How Nations With Higher Bandwidth Caps Operate
Although the United States invented the Internet, our own performance in the digital era lags well behind that of many other nations. American Internet rates place only seventeenth in the world, having been lapped by Sweden during July of this year. Even as speeds in the United States have risen by nearly thirty percent in the past year alone, several factors keep the fastest Internet providers in our country from being able to provide the blazing-fast service that nations like South Korea and Switzerland enjoy. How does this affect foreign and domestic Internet performances and development?
The necessity of laying fiber-optic cables across an entire country of four million square miles and a quarter of a billion people in order to provide Internet in the first place means that no company can raise the capital needed to create the infrastructure of the web. As such, the federal government laid trillions of miles of fiber-optic cable, then allowed companies to bid for the right to provide service. The result of the intensive system of cable meant that companies had, until recently, relatively few options for improving Internet performance, since they could only rent these cables out. Few companies exist to provide high-speed Internet in the USA, where your geographical location may determine whether you can even get service, let alone get it from more than one provider. Indeed, some American companies go so far as to say that Americans don’t need high-speed Internet. Compared to nations like Japan, where companies own their fiber optic grid, the US lags far behind in terms of offering customers different options for speed, quality, and price of Internet.

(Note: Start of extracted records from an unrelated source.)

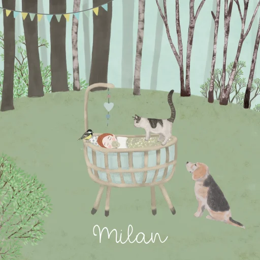 Prachtig geboortetegeltje van een kinderwagen met een trotse kat en Beagle in een bos. Je kan de hond eenvoudig worden vervangen door een grote zus of een andere kat, waardoor de poster volledig aan jouw persoonlijke situatie kan worden aangepast. Formaat: 15x15 cm.
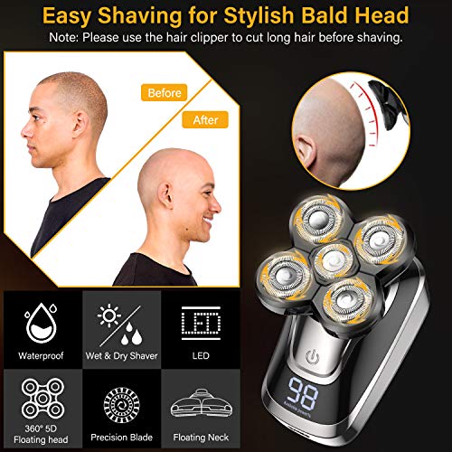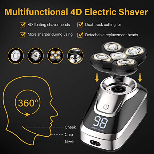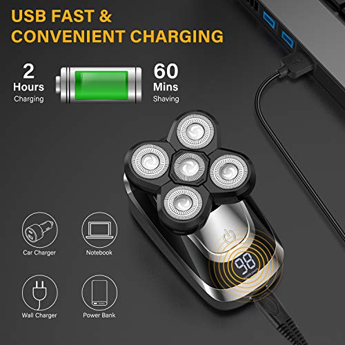 【4D Floating Shaving Head for Close Shave】- With the 4D precise & sharp rotary blades, the rotary shaver adapts to the contour of your face, neck, and jaw. Reach every hair follicle for a closer and smoother shaving in a few minutes. It’s a good choice for men’s bald head shaving, for better bald look, please first use the hair clipper to trim the hair to less than 5 mm.
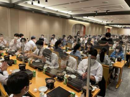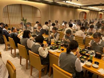無事、夕食が始まりました。250人で黙食頑張っています。
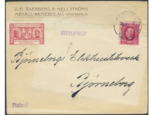 Sweden. Facit 54 on cover, 10 öre on sample of no value sent from STOCKHOLM 28.12.05 to Finland. Very scarce usage to abroad. Sweden. Facit 54 on cover, 10 öre on sample of no value sent from STOCKHOLM 28.12.05 to Finland. Very scarce usage to abroad. Visa mindre
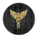 Gold polygonal Caduceus symbols on black isolated background. Low poly symbol of medicine.
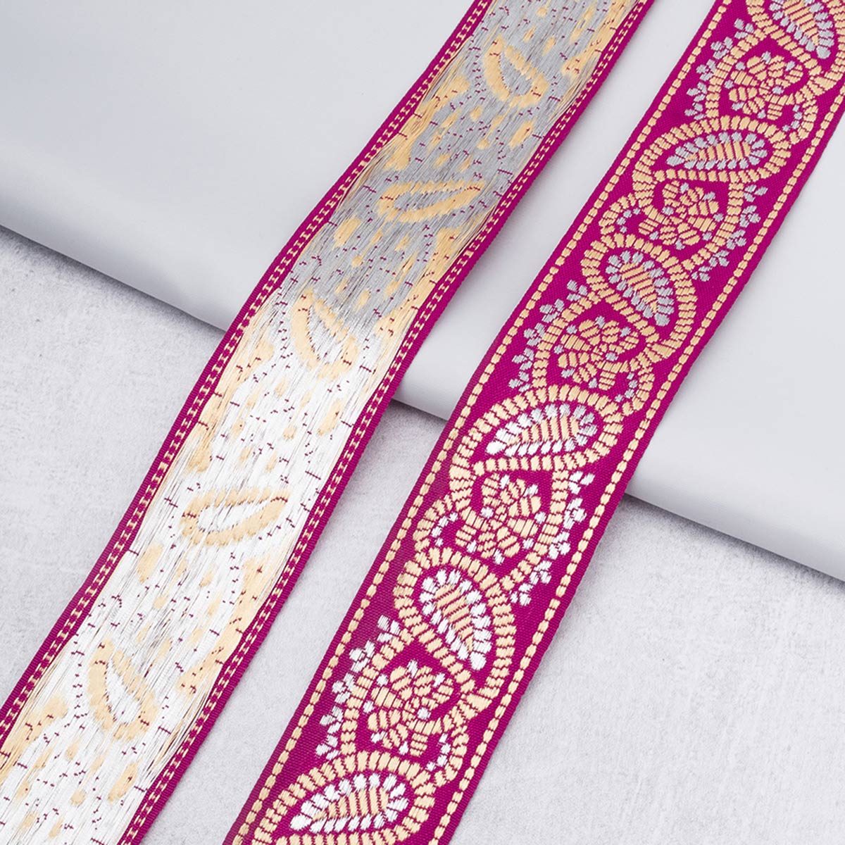 Жаккардовая лента-тесьма имеет объемный плетеный узор, напоминающий вышивку. Поскольку рисунок образуется переплетением нитей, а не наносится на готовую ткань, он никогда не поблекнет и не сотрется.

A major factor that drags down the average involves the number of Americans who live outside a major metropolitan area. Anyone familiar with the Colorado housing landscape knows that living well off the grid, on the plains or the mountains, is quite possible. This, however, limits your access to many luxury utilities, including high-speed wireless Internet. Nations with a highly-urbanized population like Iceland or Taiwan have more people in close proximity to an Internet node, and thus can enjoy better speeds. The demand in other nations is not higher, and most developed nations spend about the same time online each day; the difference instead, is in the delivery. In fact, South Korea goes so far as to subsidize Internet companies so that each citizen can afford to be plugged in.